あまんきみこ(1968)『車のいろは空のいろ』.ポプラ社
授業で読む『白いぼうし』はこども心に「本で読んだときの感動がうすれている感じがするんだけど」と思っていた。それは既読だから、とかいう単純な話ではなく、おそらく読み手の自由を奪われたことへの違和感だったのかもしれない、と今は思う。
本としての『くるまのいろはそらのいろ』はわたしの自由な発想のなかにあった。しかし国語の教科書にあった『しろいぼうし』は、読み方の正解が決まっていて…幼いMAKIには、とても窮屈に思えたのではないか…。
わたしだけじゃない?
この感覚を記事にしようと思ったのは「レアリア」ということばに出会ったことともうひとつ、最近のオールライトちえみ(友人)とのやりとりがあった。
そうそう、そうなの!それなーーー!
おそらくだが、わたしは意図から自分で、あるいは学習者とともに見つけていきたいタイプ。だってこの題材についてわたしがとらえる世界観とこどもたちがとらえる世界観って、向き合ってみるまでわからない。

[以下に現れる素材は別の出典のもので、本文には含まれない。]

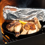 Wrap a heavy brick in foil and heat it thoroughly on the grill grate. Place the chicken breast-side down in the skillet and press down firmly with the brick on top.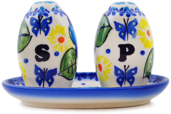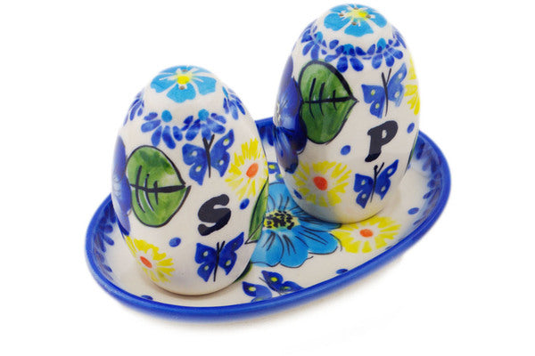 This Polish Pottery Salt and Pepper Set is handmade and handpainted by the Ceramika Bona factory in Boleslawiec, Poland. Manufacturer item number H3966Q. It is 3" high and measures 5" by 3¼". The weight of this Salt and Pepper Set is 0.5 lbs. It is part of the Endless Summer Collection.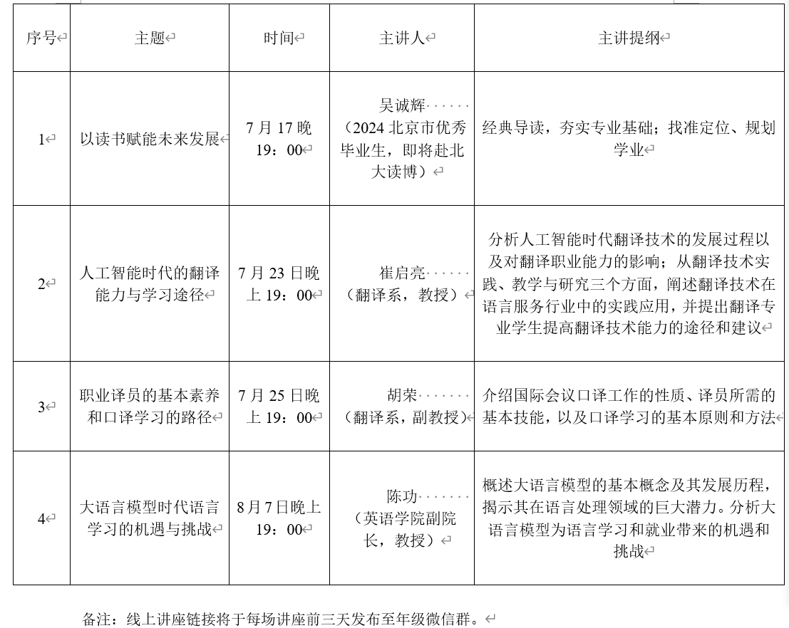 为提升拔尖创新人才自主培养质量,建设高质量研究生教育体系,全面落实《关于中央部门所属高校深化教育教学改革的指导意见》《关于加快新时代研究生教育改革发展的意见》《关于深入推进学术学位与专业学位研究生教育分类发展的意见》等相关文件精神,帮助我院新生提前适应研究生学习科研节奏,学院暑期以线上方式举办了聚焦英语学科前沿的四场专题讲座,2024级大象传媒 全体研究生新生参加。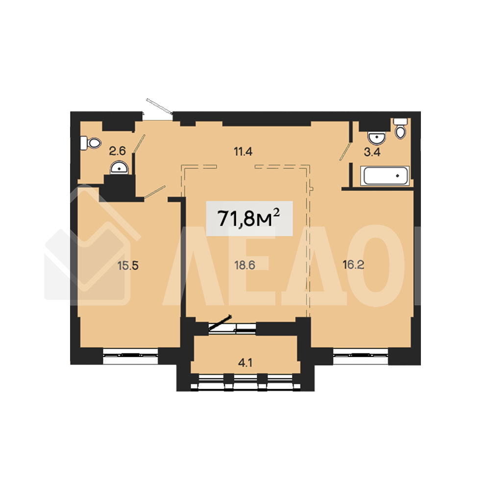 - Площадь общая: 69.00 м2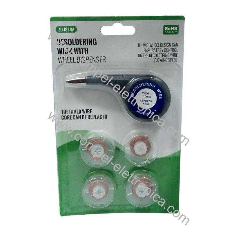 Descrizione: KIT 4 1 con EROGATORE Treccie dissaldanti composta da fili di rame ultrasottili ZD-181-4A 1MM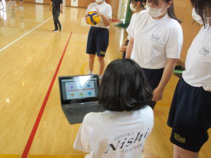 5月26日(木)授業の様子(3年3組保健体育) 公開日 2022/05/26 更新日 2022/05/26 今日の西中 球技大会に向け、練習にも熱が入ってきました。タブレットPCを用いて、ローテーションやポジションの動きを確認して、試合での実践に生かしていました。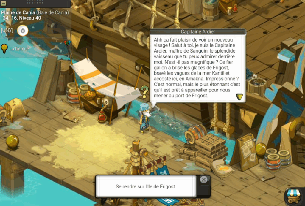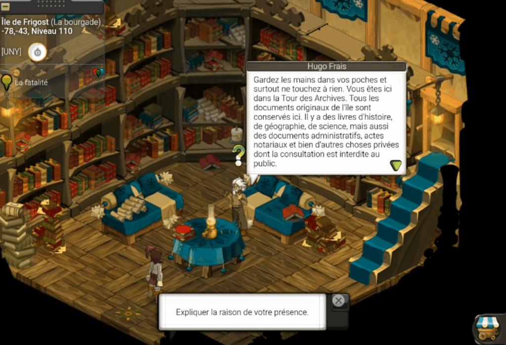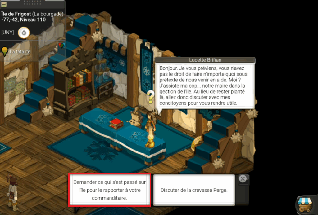Une fois arrivé sur l’Île de Frigost, allez rendre visite à Lucette Brifian située en [-77,-42] pour en apprendre plus sur l’histoire de Frigost :

だから「教材」になった瞬間、その題材が色褪せてみえてしまう。だって、誰かがとらえた世界観や意図が、すでに入ってしまっているから…。
大学院にいたころ、文学の解釈は読み手の自由、ということばに強く惹かれたのと同じで、題材をどう料理するかも教員の自由なんじゃないかなあ、って。
題材だけ羅列してあるようなテキストがあればいいのに。題材集、みたいな。でもテキストになった時点で「レアリア」じゃないってことか。
今回は「レアリア」ということばから、こんなにいろいろなことを考えてしまいました。それくらい、強烈な出会いでした。
出会わせてくれたPlatyさんに、感謝を込めて。